Welcome to this episode of our rile* books podcast series, featuring Cinderella's Diaries, a project by Brussels based artist and researcher Sina Seifee, with readings by Bryana Fritz. Over the last few years Sina has been working on fairy tales, zoologies and the participation of animals in texts. More recently Sina started to work with the figure of Cinderella, thinking with her about the human-animal modes of imagination.

From this Sina started to develop a series of texts called Cinderella's Diaries. In this podcast Sina will introduce us to this research and writing practice. Born in Iran, Sina looks at the changes the Farsi dubbed version brought to Cinderella's character. Further Sina looks at Cinderella's position, living in an impossible house, locked in an attic surrounded by animals as her companions. The second half of the episode features readings from the first two diaries, read by dancer, performance-maker and text-worker Bryana Fritz.

Edited by Sven Dehens.

[ Transcript ]

Introduction by Sina Seifee:

"Hello, welcome rile* books podcast, my name is Sina Seifee, I am artist and researcher based in Brussels. Over the last few years I have been working on fairy tales, zoologies and the participation of animals in texts. I have been working with the figure of Cinderella for some time, thinking with her about the human animal modes of imagination.

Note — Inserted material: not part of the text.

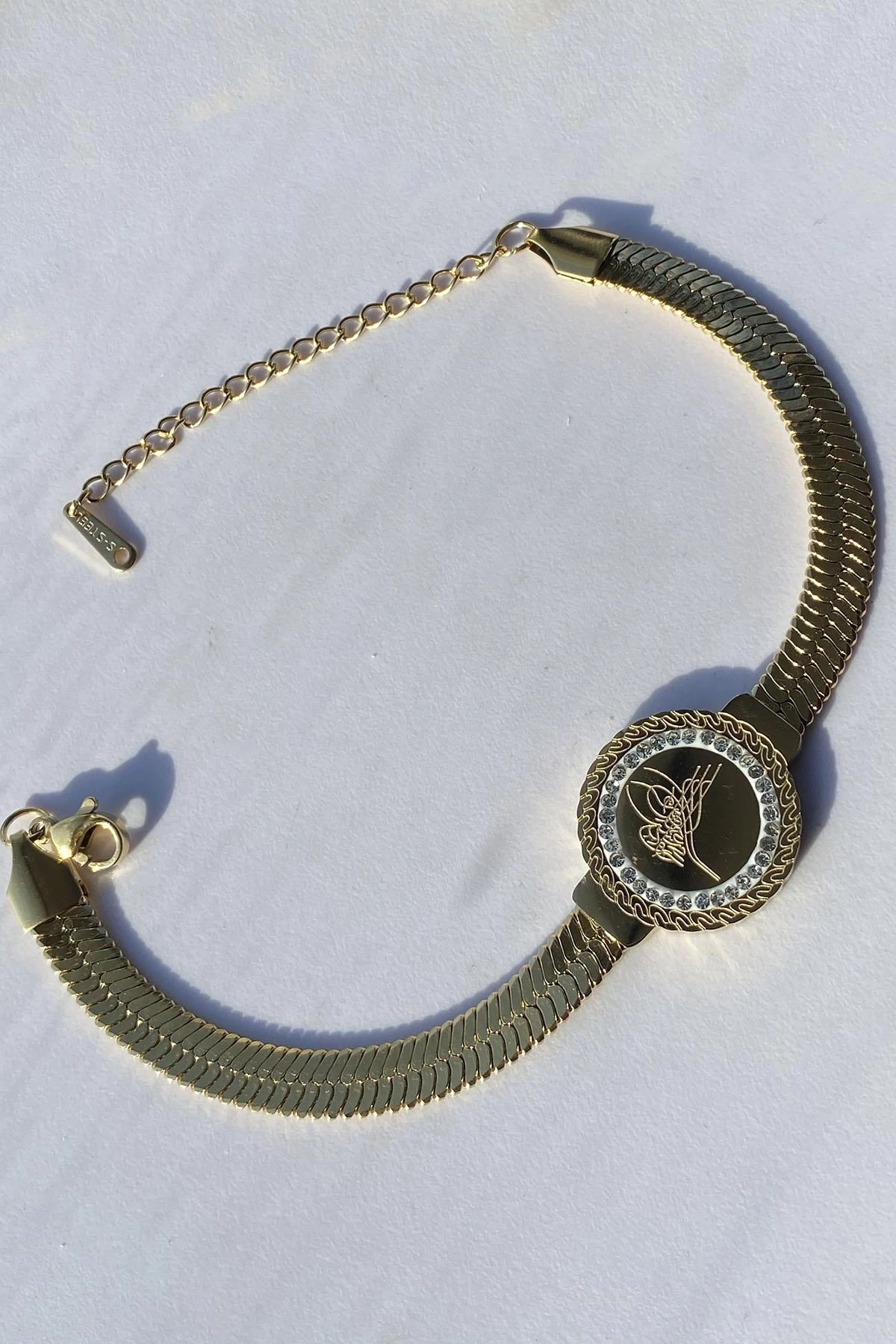 Altın Renk Tuğra Figürlü Çelik Bileklik

"Cinderella is part of my imaginary and my heritage, especially the Walt Disney version of the Grimm’s Fairy Tales, which was dubbed masterfully before the Iranian revolution. Cinderella’s voice in Farsi, which was the continuum of an actor-training that originated in Tehrani cabaret voice-performances, has a completely different tonality than its English original. Her articulation sounds much more adult and sexy while the mice speak more “childish.” From a different archetype of a Greek slave girl who marries the king of Egypt, she is now part of the older regimes of moral narratives, almost abject with no pedagogical significance unless she is totally refashioned. Disney didn’t change the story so much but made the choice to make the animals the real protagonist of the story. It is hard to imagine that anyone would want to raise their children (regardless of gender) to be like Cinderella, weak.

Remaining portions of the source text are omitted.